A Prince William County grand jury has indicted the man police call the East Coast Rapist on charges of rape and abduction stemming from a Halloween 2009 attack on three trick-or-treaters.
Aaron H. Thomas, 40, now faces a potential maximum of five life sentences if convicted at trial in Prince William County on two counts of rape, three counts of abduction with intent to defile, and related firearms charges. An initial trial date was set for July 31.
Thomas, who at one point lived in Woodbridge and was arrested in New Haven, Conn. last year, is suspected of raping women up and down the east coast beginning in the mid-1990s. He has been linked by DNA evidence to rapes in Prince William, Prince George’s and Fairfax counties, as well as in Leesburg and New Haven.
The case was a long-standing mystery — though police had the DNA evidence linking the cases, they didn’t have a suspect to go with it — until after the Halloween 2009 attack. That crime, involving the rape of two girls at the bottom of a wooded ravine, led to a Washington Post investigation and reenergized police efforts to catch the rapist.
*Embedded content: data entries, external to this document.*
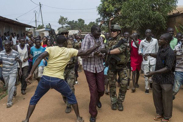 In het plaatsje Boda, 100 kilometer ten westen van de hoofdstad Bangui, gingen inwoners met elkaar op de vuist. Ook beschoten zij elkaar met geweren en werden kapmessen gebruikt. Tijdens de gevechten zijn ook tientallen huizen in brand gestoken.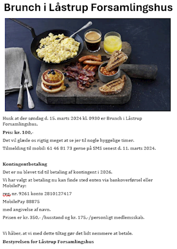 Husk Brunch i Låstrup Forsamlingshus 15. marts
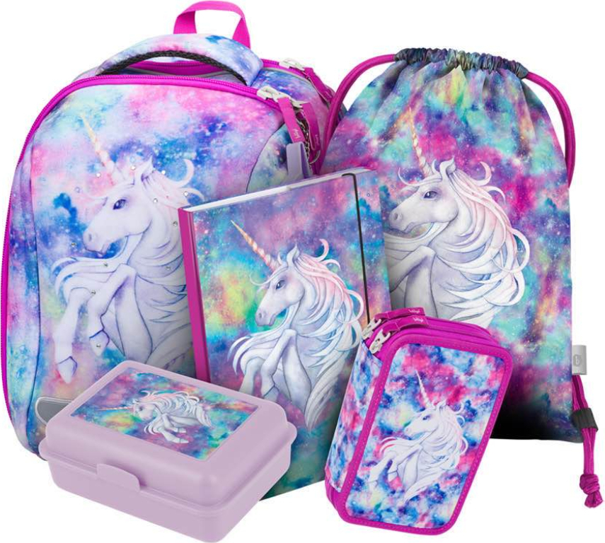 ŠKOLNÍ AKTOVKA SHELLY JEDNOROŽEC • Školní aktovka SHELLY s vyztuženým tělem, vhodná od 1. třídy ZŠ. • Tělo aktovky je tvořeno z pevné výztuže a funguje tedy stejně jako krunýř. Vše uvnitř je bezpečně chráněno. • Dvoukomorový systém pro optimální rozdělení zátěže, přední komora obsahuje praktický organizér s kapsičkou na drobnosti či telefon a karabinu na klíče. • Zádový systém AIR ERGO ADJUSTABLE SYSTEM se skvěle přizpůsobí postavě školáka. Je navržen tak, aby podporoval zdravý vývoj dítěte a bylo zajištěno dostatečné proudění vzduchu podél páteře. • Ergonomicky tvarovaná záda, plně nastavitelné ramenní a prsní popruhy pro optimální přizpůsobení postavě. • Vnitřní organizér umožňující rovnoměrné rozložení hmotnosti. • Boční kapsy z pevné síťoviny, které jsou vhodné pro jednu z našich láhví na pití. • Pevné dno drží stabilní tvar a proto je aktovka samostatně stojící. • Velmi nízká hmotnost aktovky – 1000 g. • Objem aktovky je 23 l a nosnost 6 kg. • Aktovka je vybavena trendy pop it přívěskem. • Aktovky z řady SHELLY byly testovány a certifikovány v akreditované zkušební laboratoři. ŠKOLNÍ PENÁL DVOUPATROVÝ JEDNOROŽEC • Dvoupatrový školní penál se zesíleným hřbetem pro snadnější manipulaci. • Kvalitní gumičky v penálu zvládnou udržet i silné trojhranné pastelky. • Penál obsahuje malou kapsičku na mince či jiné drobnosti. • Penál je bez náplně. SÁČEK NA OBUV JEDNOROŽEC • Sáček na obuv či jiné drobnosti pro vaše volnočasové aktivity. • Sáček je vyroben z pevného omyvatelného materiálu. • Zdrhování pomocí pevných tkanic, které zároveň umožňují nošení na zádech. BOX NA SVAČINU JEDNOROŽEC • Plastový box na svačinu ve fialové barvě. • Box má uzavírání na jeden zámek a dělicí přepážku. • Nedoporučujeme mýt v myčce. DESKY NA ŠKOLNÍ SEŠITY A4 JEDNOROŽEC • Ochranné desky na úschovu sešitů či jiných dokumentů, včetně vnitřní klopy proti vypadnutí, zajištěné gumičkou.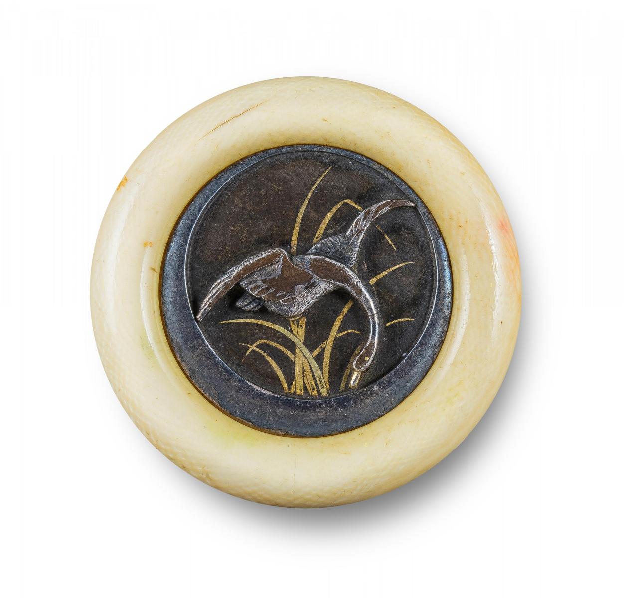 Technik: Kapsel Elfenbein, Platte Shibuichi mit Details in Gold und Silber.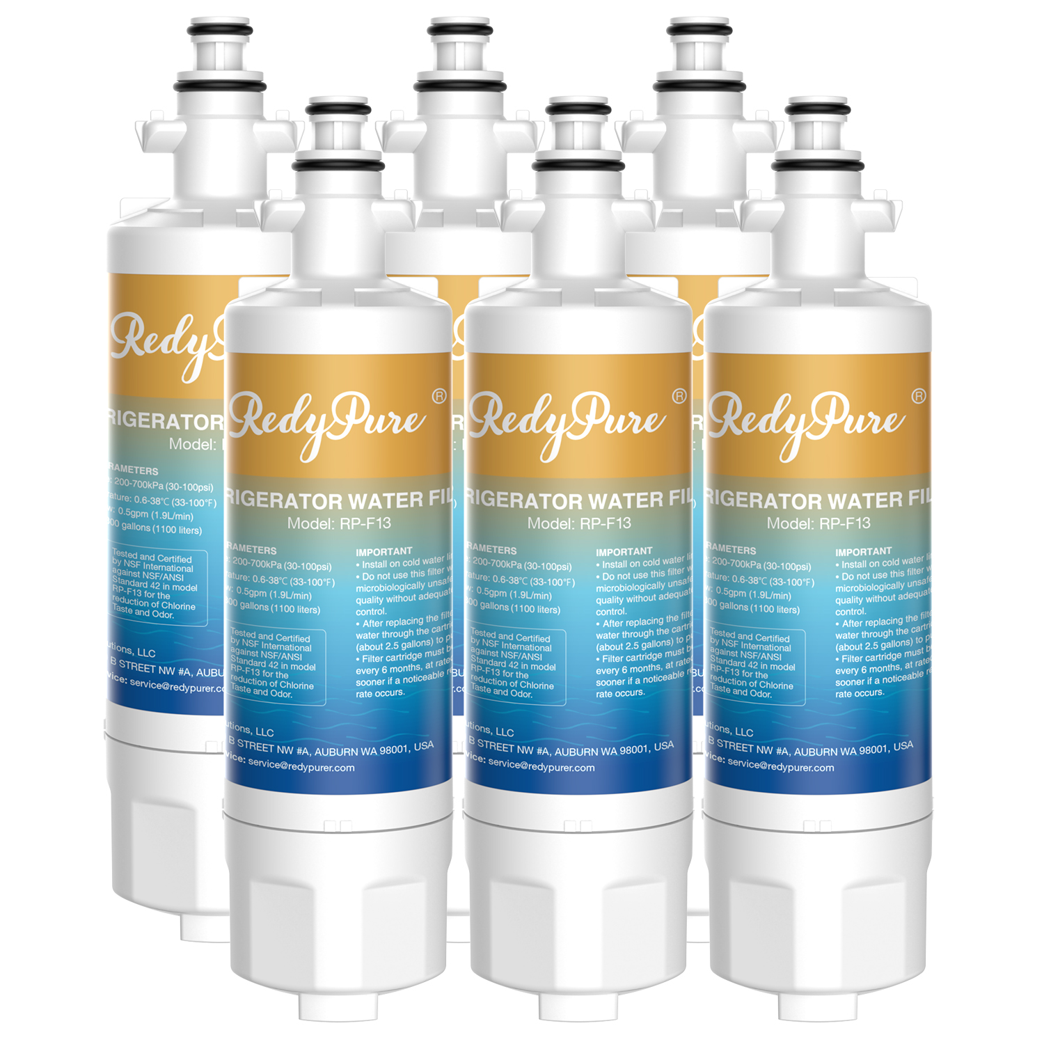 Six Redypure water filter replacements compatible with LG LT700P, Kenmore 469690, and more for pure, fresh-tasting water.

Ultimately, high-tech crime fighting technology put Thomas on a list of potential suspects, and an anonymous tip led police to focus on him. Detectives surreptitiously collected DNA from Thomas in Connecticut last year, pulling it off of a discarded cigarette butt, and they arrested him after it was a match.
Police officials testified at a preliminary hearing last month that Thomas admitted involvement in the crimes during interviews after his arrest, saying that he knew he was being questioned because of the Halloween case. The three girls who were abducted in Prince William County faced Thomas in court for the first time, recounting the attack and one girl’s efforts to contact police — efforts that drove the rapist off as police cars approached.
“Like most victims, they got some solace from telling their side of the story,” said Commonwealth’s Attorney Paul B. Ebert, who is prosecuting the case. “I felt they were very poised and sophisticated young women who made good witnesses. They were happy to do their part.”
Thomas’s defense attorneys pointed out at the hearing that none of the witnesses could identify Thomas as their attacker, nor could they say for certain that the rapist had a real gun. All three girls testified that the attacker approached them from behind in the dark and was wearing a ski mask that concealed all but the skin around his eyes. Police say they have linked Thomas to the crime via DNA evidence.
“The defense will attack the evidence we have the best they can, but we intend to go forward as quickly as possible,” Ebert said.
The method of the attack matched other rapes in the lengthy string, but it was the first reported case attributed to the East Coast Rapist that involved three victims.
Ebert received the case after prosecutors in Connecticut agreed to send Thomas to Prince William County to stand trial. Though Thomas has been linked to crimes in other jurisdictions in Virginia and Maryland, it is unclear if those cases would go forward should Thomas be convicted in his first trial. Ebert said he has not spoken to any prosecutor, other than those in Connecticut, about the case.
Thomas, who officials said had been demonstrating suicidal behavior in jail, was determined to be competent at trial after doctors examined him, prosecutors said.